Data supplied —
____

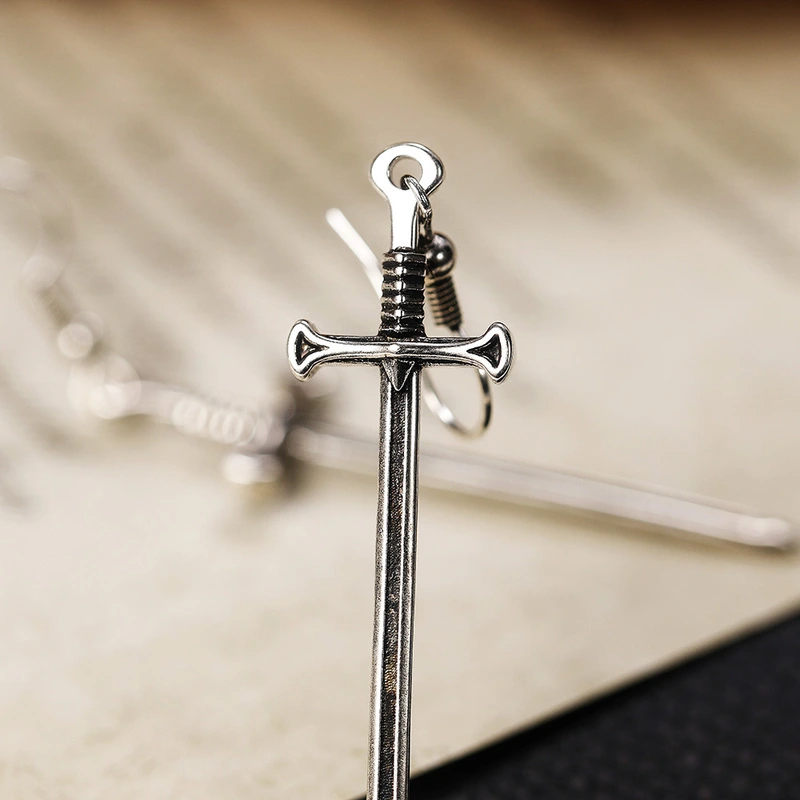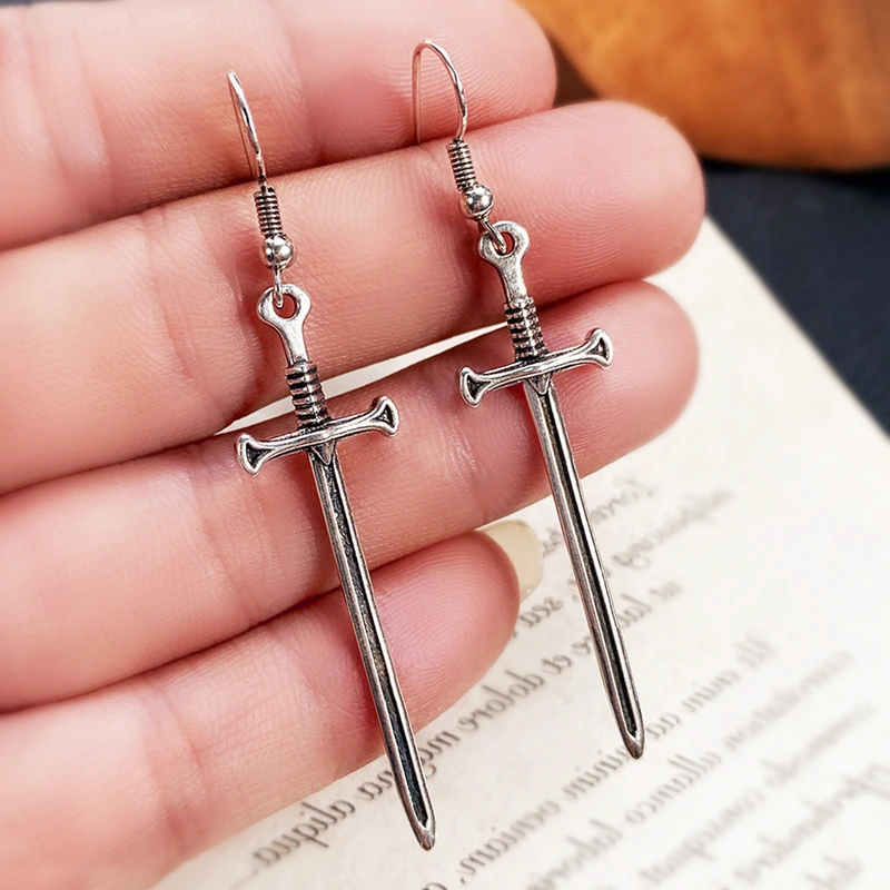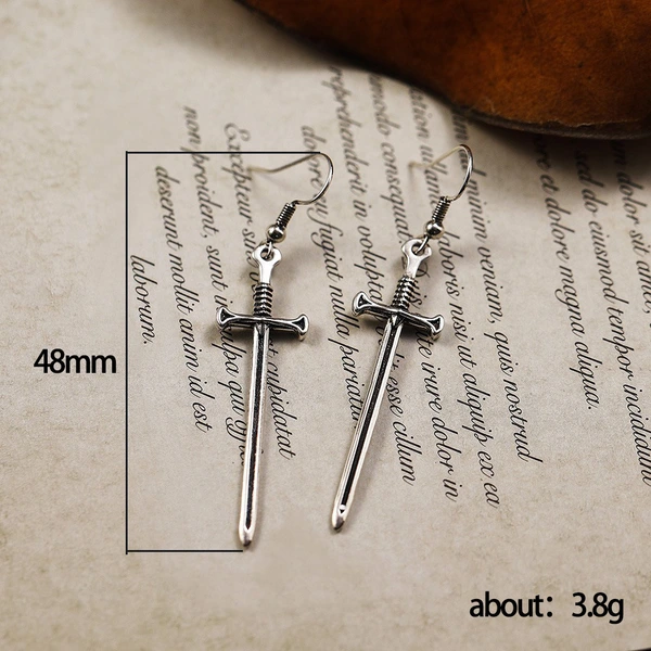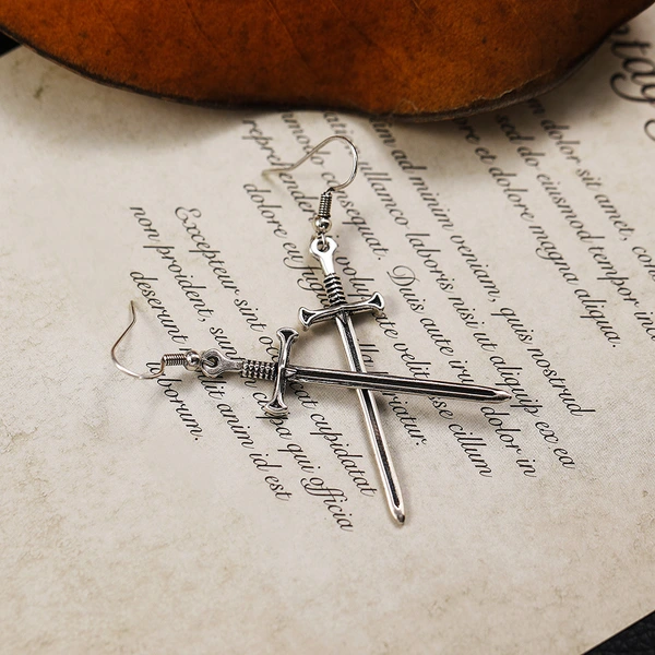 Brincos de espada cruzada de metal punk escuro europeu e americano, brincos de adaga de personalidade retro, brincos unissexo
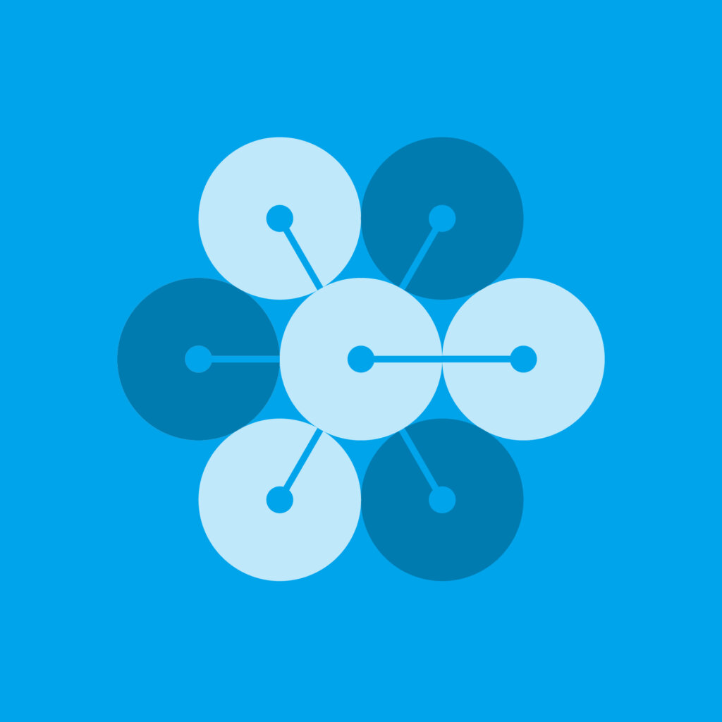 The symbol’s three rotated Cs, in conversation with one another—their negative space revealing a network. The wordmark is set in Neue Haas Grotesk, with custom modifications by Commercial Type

____

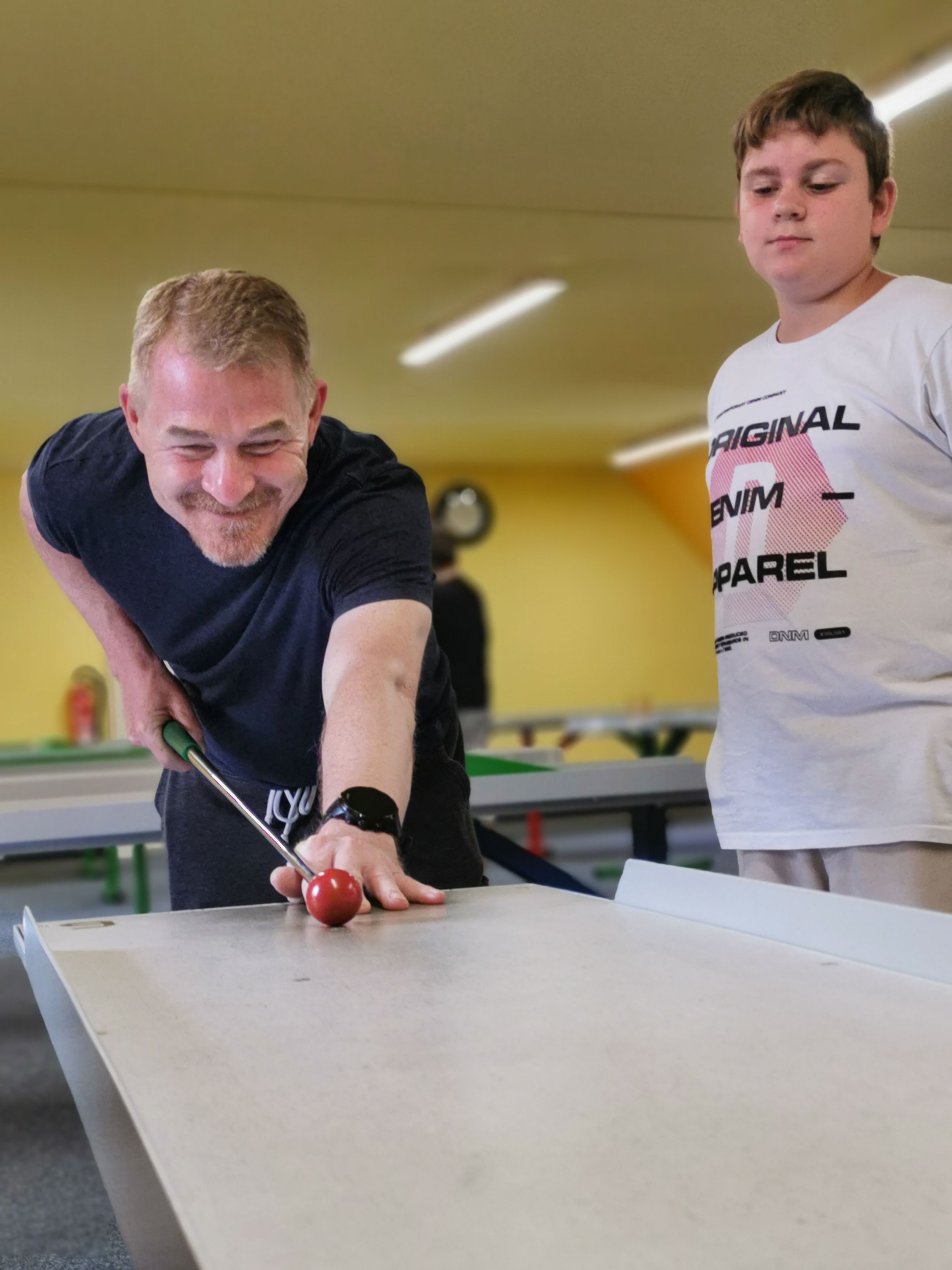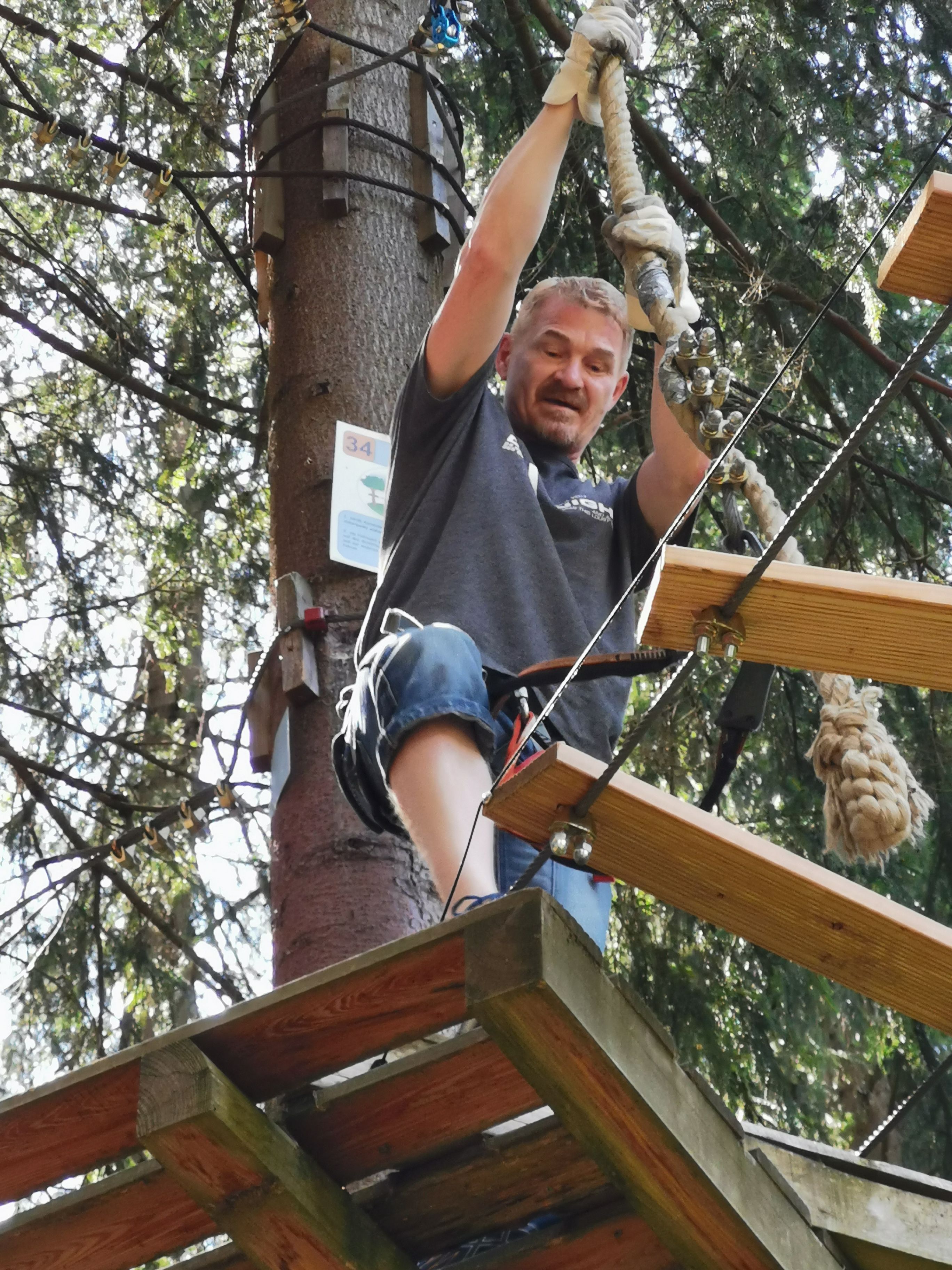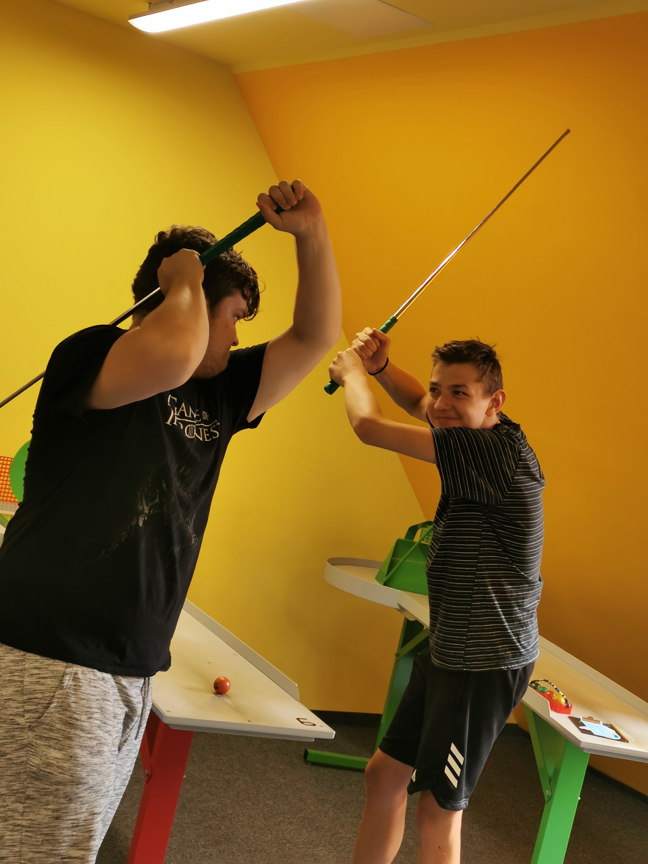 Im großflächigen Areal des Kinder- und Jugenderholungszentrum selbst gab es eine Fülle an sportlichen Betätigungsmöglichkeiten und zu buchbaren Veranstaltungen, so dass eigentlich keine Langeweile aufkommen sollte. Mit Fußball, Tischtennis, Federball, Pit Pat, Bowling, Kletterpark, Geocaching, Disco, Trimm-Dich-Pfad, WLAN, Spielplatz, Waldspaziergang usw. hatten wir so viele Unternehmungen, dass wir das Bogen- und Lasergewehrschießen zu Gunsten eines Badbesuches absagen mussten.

____

What is expected — Transcribe only the lines above that start at the line containing "Brincos de espada" and end at the line containing "The symbol’s three". Omit pictures.

Your solution —
 Brincos de espada cruzada de metal punk escuro europeu e americano, brincos de adaga de personalidade retro, brincos unissexo
 The symbol’s three rotated Cs, in conversation with one another—their negative space revealing a network. The wordmark is set in Neue Haas Grotesk, with custom modifications by Commercial Type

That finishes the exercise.